Maybe they didn't have those massive stabilizing gyroscopes in operation at the time?


----------



## limblips

"The ship is coming about, standby for heavy rolls!"   Been there, got the T-shirt.


----------



## vraiblonde

I won't go on a cruise because they're boring.  Poseidon Adventures are just a bonus suck.


----------



## Monello

Yooper said:


> It's hard enough keeping our RV on the road and straight/steady during bad (cross)winds.



Been anywhere exciting lately?  I'm always checking the weather on RV travel days.  The worst is going over a high bridge during heavy wind gusts.


----------



## Yooper

limblips said:


> "The ship is coming about, standby for heavy rolls!"   Been there, got the T-shirt.


Why I was glad to "Go Army! (btw, Beat Navy!)." Only time my feet were not within 10 feet of the ground by choice was when heading out the door of a C-130....

All you Navy types have my profoundest respect.

Well, to be honest, I can't lie; I also think anybody who wants to float out in the middle of a giant pool of very deep water is - how you say - not even-keeled! 

--- End of line (MCP)


----------



## limblips

Yooper said:


> Why I was glad to "Go Army! (btw, Beat Navy!)." Only time my feet were not within 10 feet of the ground by choice was when heading out the door of a C-130....
> 
> All you Navy types have my profoundest respect.
> 
> Well, to be honest, I can't lie; I also think anybody who wants to float out in the middle of a giant pool of very deep water is - how you say - not even-keeled!
> 
> --- End of line (MCP)


We are never more than ~6 miles from land.


----------



## Yooper

Monello said:


> Been anywhere exciting lately?  I'm always checking the weather on RV travel days.

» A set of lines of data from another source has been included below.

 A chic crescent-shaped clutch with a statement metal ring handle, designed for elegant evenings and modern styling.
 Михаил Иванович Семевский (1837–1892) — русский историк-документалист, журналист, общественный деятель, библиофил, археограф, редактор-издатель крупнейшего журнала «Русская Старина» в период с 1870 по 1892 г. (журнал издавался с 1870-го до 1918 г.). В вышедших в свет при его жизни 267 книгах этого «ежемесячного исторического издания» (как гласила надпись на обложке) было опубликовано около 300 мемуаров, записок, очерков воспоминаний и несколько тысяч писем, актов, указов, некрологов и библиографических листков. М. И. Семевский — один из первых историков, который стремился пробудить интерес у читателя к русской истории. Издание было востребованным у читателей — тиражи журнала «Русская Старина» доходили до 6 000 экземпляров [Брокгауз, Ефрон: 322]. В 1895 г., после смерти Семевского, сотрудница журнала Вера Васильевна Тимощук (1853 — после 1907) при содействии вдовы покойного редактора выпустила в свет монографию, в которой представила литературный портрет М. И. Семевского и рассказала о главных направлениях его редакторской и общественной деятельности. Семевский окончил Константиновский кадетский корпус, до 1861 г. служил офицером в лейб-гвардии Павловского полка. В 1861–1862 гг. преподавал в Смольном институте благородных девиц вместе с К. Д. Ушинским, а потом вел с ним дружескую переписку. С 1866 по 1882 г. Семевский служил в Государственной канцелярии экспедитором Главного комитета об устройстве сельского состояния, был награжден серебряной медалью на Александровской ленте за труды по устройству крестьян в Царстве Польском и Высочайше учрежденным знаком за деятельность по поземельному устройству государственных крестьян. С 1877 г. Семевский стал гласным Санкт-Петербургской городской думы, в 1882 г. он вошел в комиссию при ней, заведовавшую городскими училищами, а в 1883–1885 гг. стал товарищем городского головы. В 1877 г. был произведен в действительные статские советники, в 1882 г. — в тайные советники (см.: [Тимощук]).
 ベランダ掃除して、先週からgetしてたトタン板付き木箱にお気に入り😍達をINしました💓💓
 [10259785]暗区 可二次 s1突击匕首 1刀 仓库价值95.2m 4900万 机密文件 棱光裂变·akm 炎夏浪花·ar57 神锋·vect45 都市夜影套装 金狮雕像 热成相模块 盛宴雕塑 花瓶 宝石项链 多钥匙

Unfortunately, no. Planning to head out early Spring. Maybe the KY Bourbon Trail. But if not, at least somewhere south of Gatlinburg. Spring trip this year will be more about driving - a cruising trip - rather than a destination.

12-week weather forecast (for rest of Winter & Spring) is kinda crazy this year; I looked last week and seemed promising; now seems unsettled....



Monello said:


> The worst is going over a high bridge during heavy wind gusts.

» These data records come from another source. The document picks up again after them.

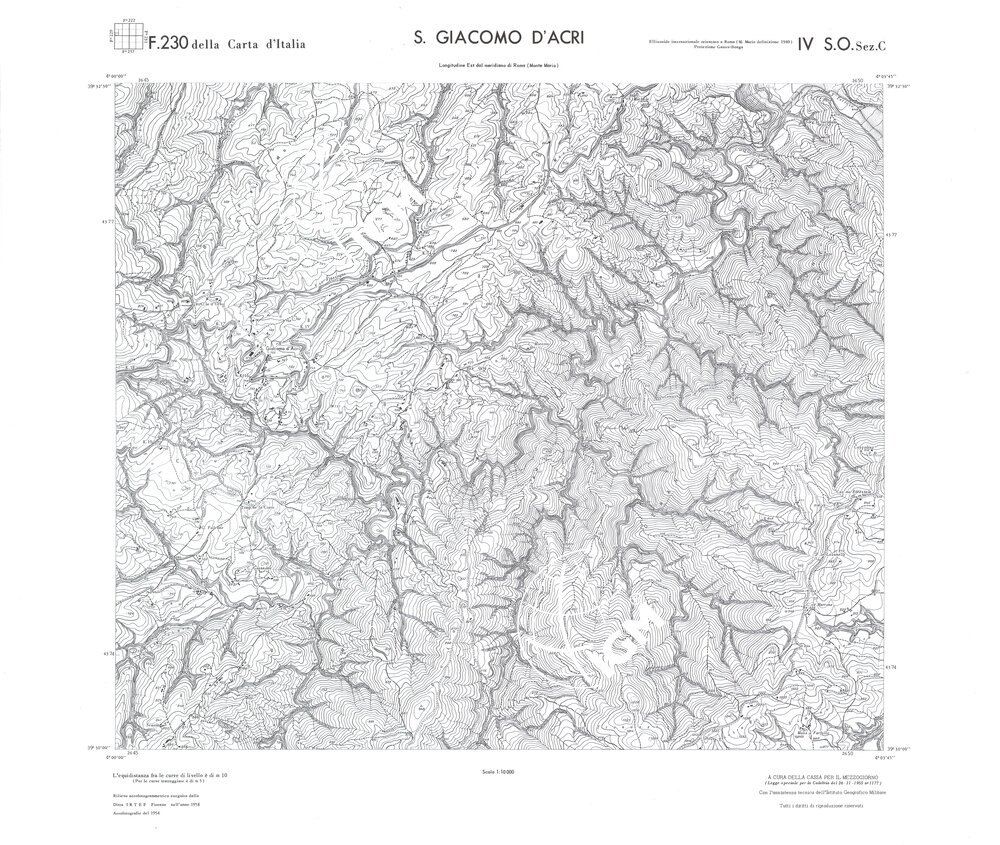 Rilievo eseguito da ditte private a cura della Cassa per il Mezzogiorno (legge speciale per la Calabria 26/11/1955 n°1177) con l’assistenza tecnica dell’ I.G.M. Rilievo aereofotogrammetrico,proiezione naturale,stampa in nero,equidistanza tra le curve mt.10. Le fotoriprese aeree furono eseguite nel 1954, l’elemento cartografico era la sezione di tavoletta, ossia 1/4 di tavoletta, distinta dalle lettere A;B;C;D.
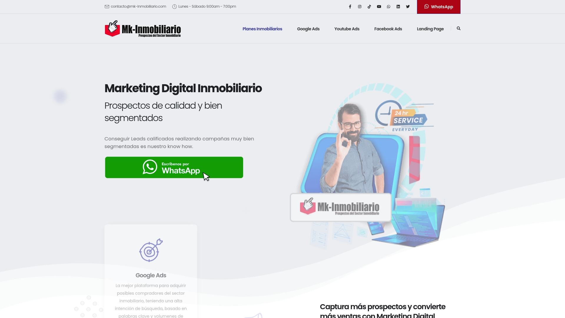 Mk-Inmobiliario se centra en prospecting y generación de leads para el sector inmobiliario mediante campañas en Google Ads, Facebook Ads y YouTube Ads, además de crear landing pages para captura de contactos. La agencia entrega informes mensuales con ajustes continuos y ofrece planes personalizados para agentes y desarrolladores.
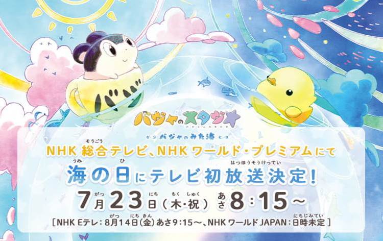 A emissora de televisão NHK anunciou que transmitirá a série Baja no Studio: Baja no Mita Umi (Baja’s Studio – Baja and the Sea), produzida pelos estúdios da Kyoto Animation, através dos canais NHK General e NHK World Premium a partir do próximo dia 23 de Julho. O anime vai ser reprisado na NHK-E em 14 de Agosto com transmissão mundial pela NHK World com legendas em inglês.
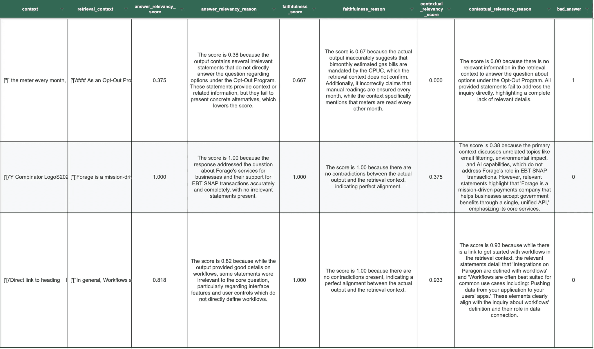 For each test case, we also have the expected context that answers the prompt and the actual context retrieved by our RAG workflow. Lastly, we have our evaluation metrics with generated reasoning for each metric.

We hit a wind storm in South Dakota a few years back so strong that it wrenched the house (ours is a Class C) so severely as to pop the slideout out about a foot. Was able to get it retracted but it's never been the same. I think the frame somewhat bent and, of course, out of warranty (though, Winnebago did not seem inclined to consider it a warranty worthy incident in any event).

End of line (MCP).


----------



## Yooper

limblips said:


> We are never more than ~6 miles from land.


Ha! That's excellent.

It's that vertical 6 miles that causes me concern!

--- End of line (MCP)


----------



## jazz lady

vraiblonde said:


> I won't go on a cruise because they're boring.  Poseidon Adventures are just a bonus suck.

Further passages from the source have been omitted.